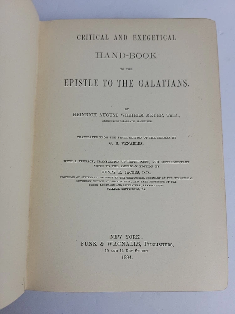 Place of Publication: New York Topic: New Testament Language: English Binding: Hardcover Author: Heinrich August Wilhelm Meyer gtin13: Does not apply Original/Facsimile: Original Year Printed: 1884 ISBN: Does not apply Subject: Religion & Spirituality Publisher: Funk & Wagnalls
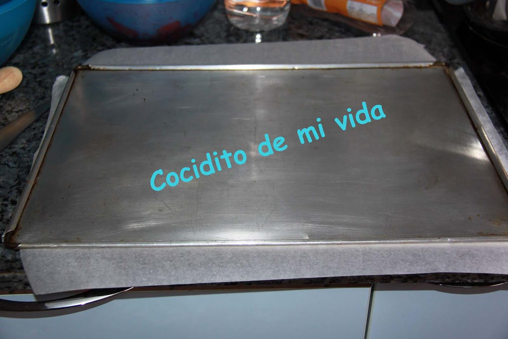Después de los 15 minutos de horneado, sacar las bandejas del horno. Retirar la bandeja superior y el papel de horno superior.
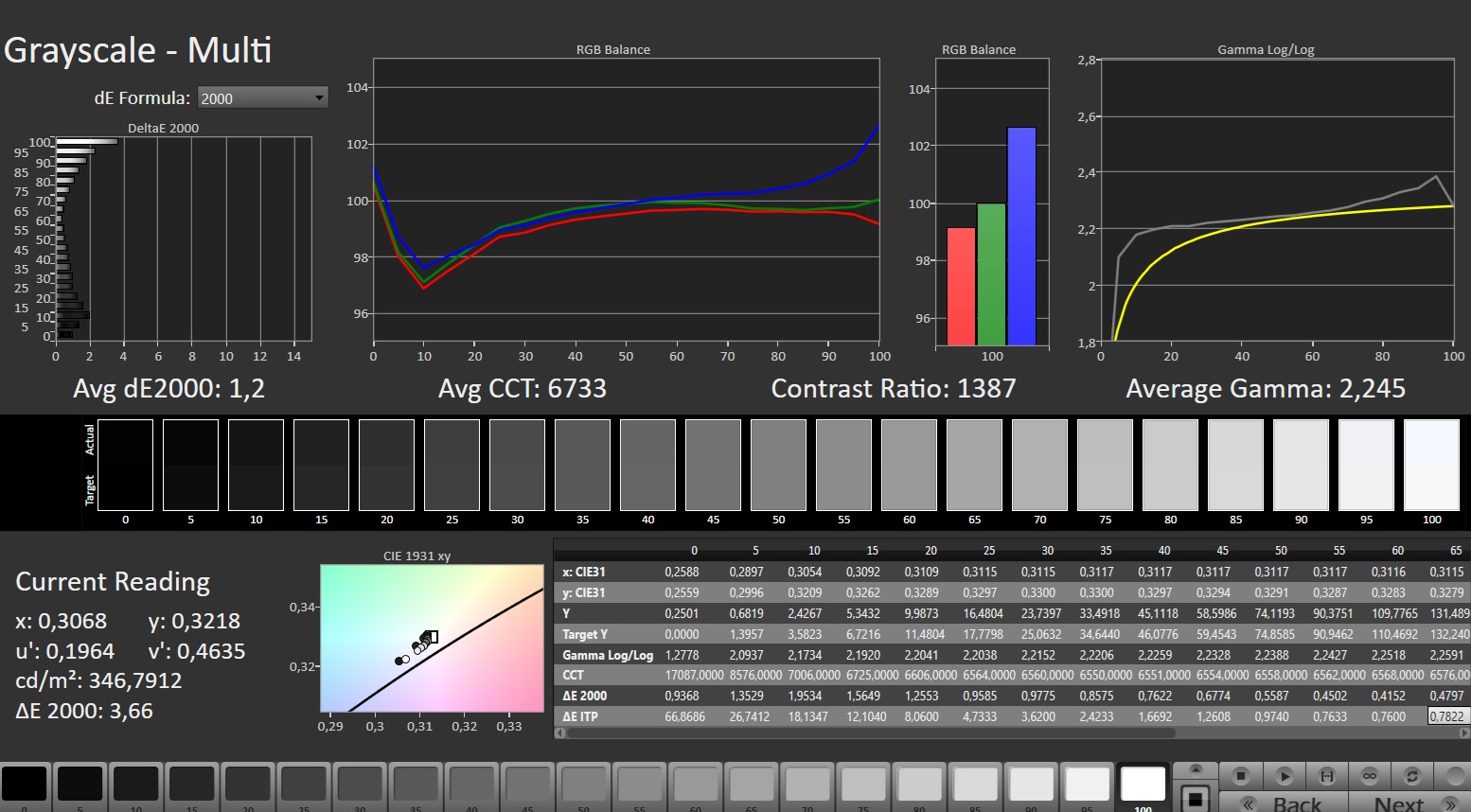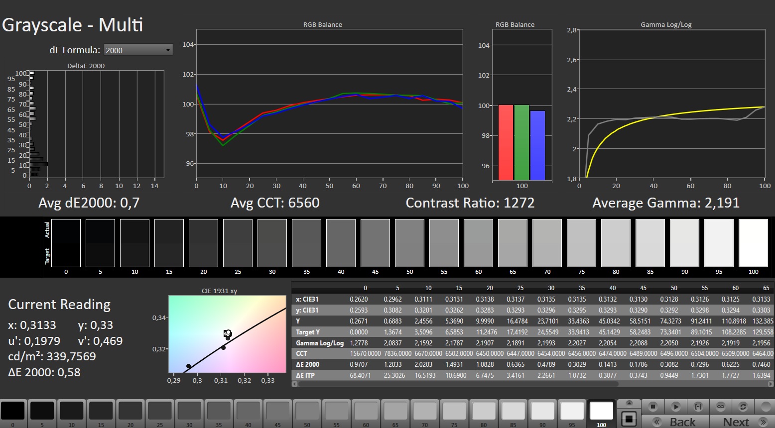 ΔE Greyscale Calman: 1.2 | ∀{0.09-98 Ø5}
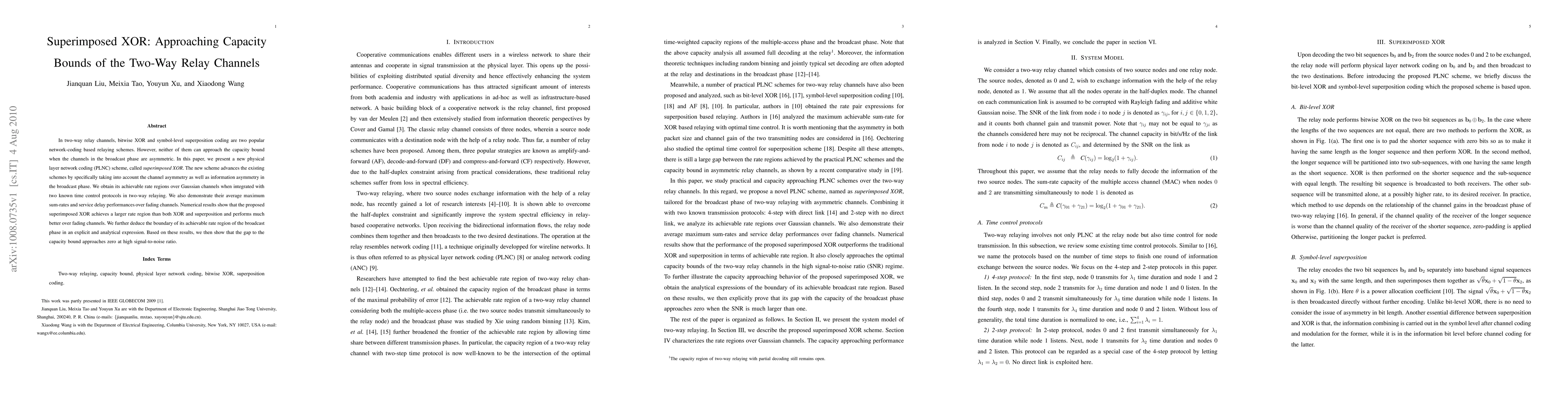 This paper introduces a new superimposed XOR physical layer network coding scheme for two-way relay channels, which outperforms traditional XOR and superposition methods by addressing channel and information asymmetry. The proposed scheme achieves higher rate regions and better performance over fading channels, approaching capacity bounds at high signal-to-noise ratios.
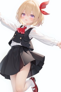1girl, rumia, blonde hair, solo, white background, red eyes, red footwear, simple background, ascot, short hair, ribbon, open mouth, hair ribbon, smile, long sleeves, shirt, looking at viewer, red ascot, white socks, white shirt, red ribbon, shoes, socks, frills, bangs, outstretched arms, hair between eyes, skirt, :d, dress, vest, mary janes, black dress, black skirt, collared shirt, black vest, blush
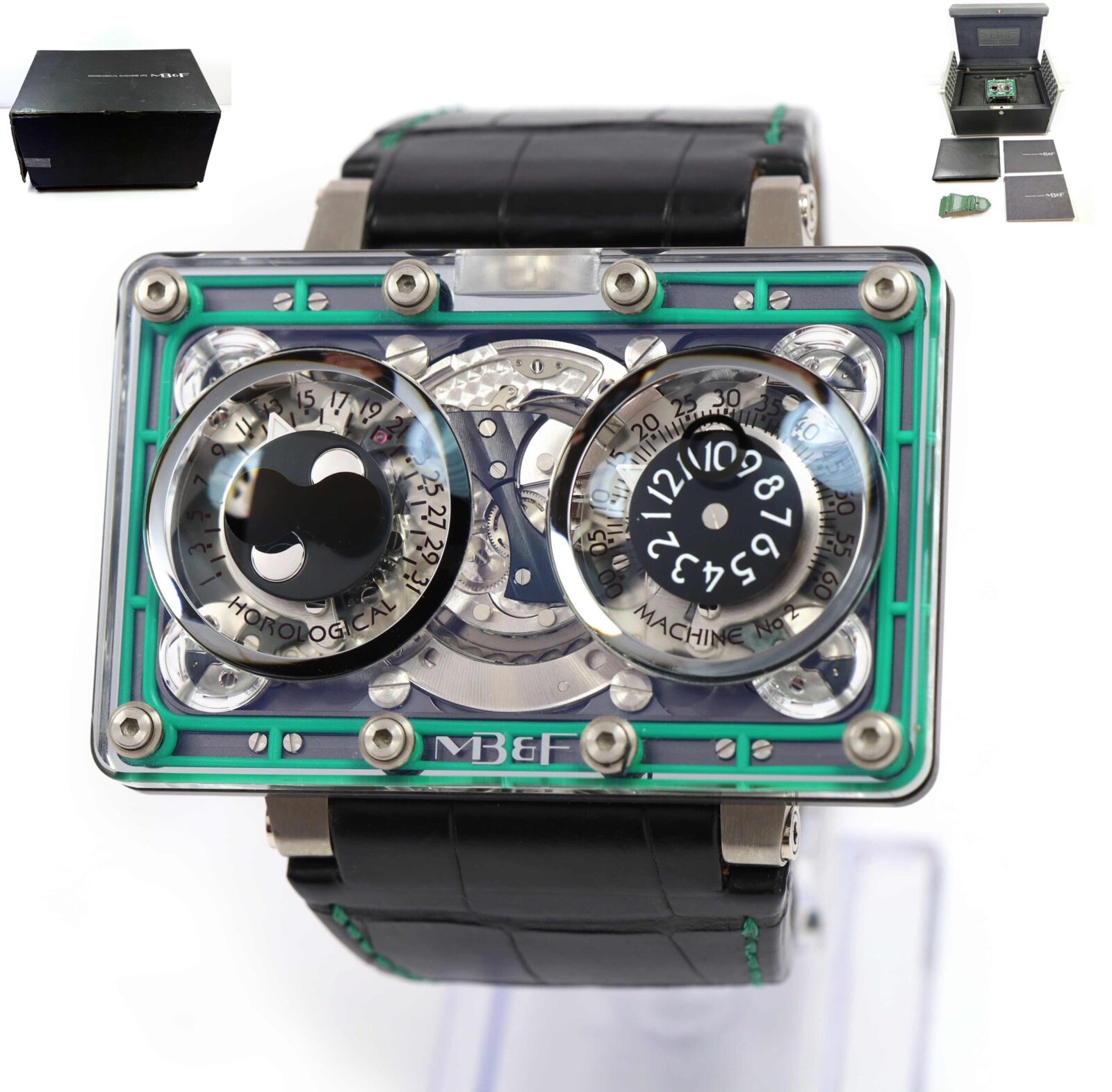 this mb&f watch is in excellent condition and comes with its box, booklets, one additional strap, and warranty paper dated january, 2015 as shown in the pictures attached. This watch is in stock and available to ship immediately!
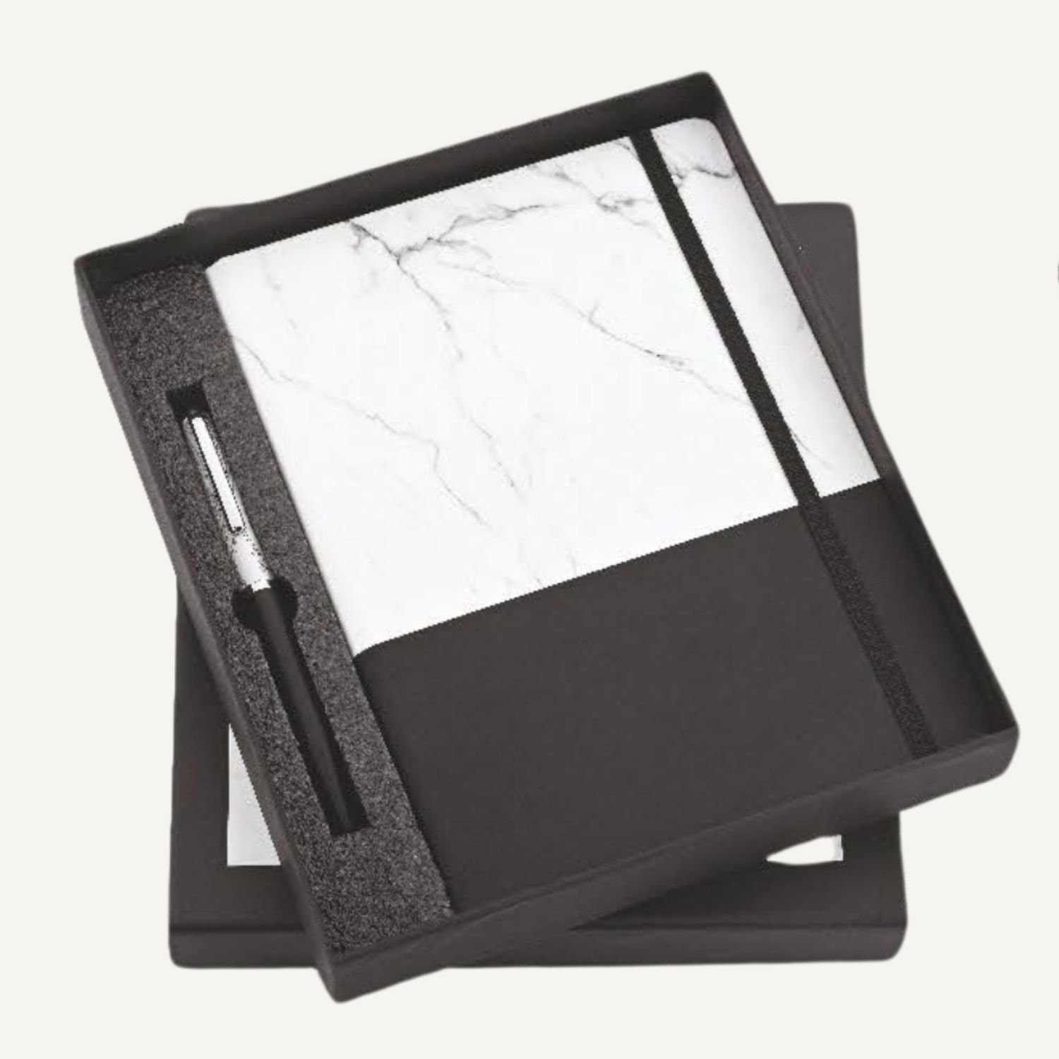 Marble texture A5 diary with metal pen for corporate gifting.
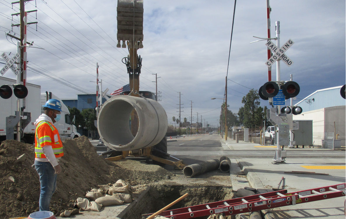 Crews install a drainage system at the Mill Street crossing of America’s first hydrogen powered rail project in San Bernadino, California. The project is over 90% complete according to information published by San Bernadino County Transportation Authority.
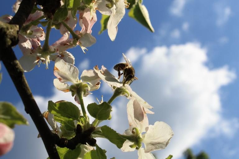 Keywords: sky bee honey flower nature spring blossom insect green fly outdoors blue single natural macro summer color tree leaf petal honeybee pollen healthy meadow rural season field agriculture leaves flora colorful countryside
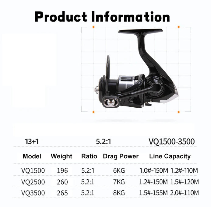 Mavllos VQ Trout Spinning Reel 5.2:1 Ratio 13+1BB Max Drag 6-8Kg
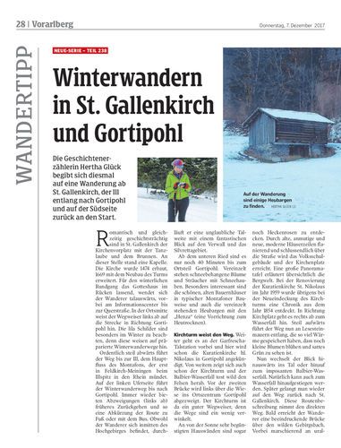 Die Geschichtenerzählerin Hertha Glück begibt sich diesmal auf eine Wanderung ab St. Gallenkirch, der Ill entlang nach Gortipohl und auf der Südseite zurück an den Start.
━━━━━━━━
*Your objective*. If a record above contains a picture, leave the picture out and transcribe everything else exactly.

*Result below*.
 Place of Publication: New York Topic: New Testament Language: English Binding: Hardcover Author: Heinrich August Wilhelm Meyer gtin13: Does not apply Original/Facsimile: Original Year Printed: 1884 ISBN: Does not apply Subject: Religion & Spirituality Publisher: Funk & Wagnalls
Después de los 15 minutos de horneado, sacar las bandejas del horno. Retirar la bandeja superior y el papel de horno superior.
 ΔE Greyscale Calman: 1.2 | ∀{0.09-98 Ø5}
 This paper introduces a new superimposed XOR physical layer network coding scheme for two-way relay channels, which outperforms traditional XOR and superposition methods by addressing channel and information asymmetry. The proposed scheme achieves higher rate regions and better performance over fading channels, approaching capacity bounds at high signal-to-noise ratios.
1girl, rumia, blonde hair, solo, white background, red eyes, red footwear, simple background, ascot, short hair, ribbon, open mouth, hair ribbon, smile, long sleeves, shirt, looking at viewer, red ascot, white socks, white shirt, red ribbon, shoes, socks, frills, bangs, outstretched arms, hair between eyes, skirt, :d, dress, vest, mary janes, black dress, black skirt, collared shirt, black vest, blush
 this mb&f watch is in excellent condition and comes with its box, booklets, one additional strap, and warranty paper dated january, 2015 as shown in the pictures attached. This watch is in stock and available to ship immediately!
 Marble texture A5 diary with metal pen for corporate gifting.
 Crews install a drainage system at the Mill Street crossing of America’s first hydrogen powered rail project in San Bernadino, California. The project is over 90% complete according to information published by San Bernadino County Transportation Authority.
 Keywords: sky bee honey flower nature spring blossom insect green fly outdoors blue single natural macro summer color tree leaf petal honeybee pollen healthy meadow rural season field agriculture leaves flora colorful countryside
 Mavllos VQ Trout Spinning Reel 5.2:1 Ratio 13+1BB Max Drag 6-8Kg
 Die Geschichtenerzählerin Hertha Glück begibt sich diesmal auf eine Wanderung ab St. Gallenkirch, der Ill entlang nach Gortipohl und auf der Südseite zurück an den Start.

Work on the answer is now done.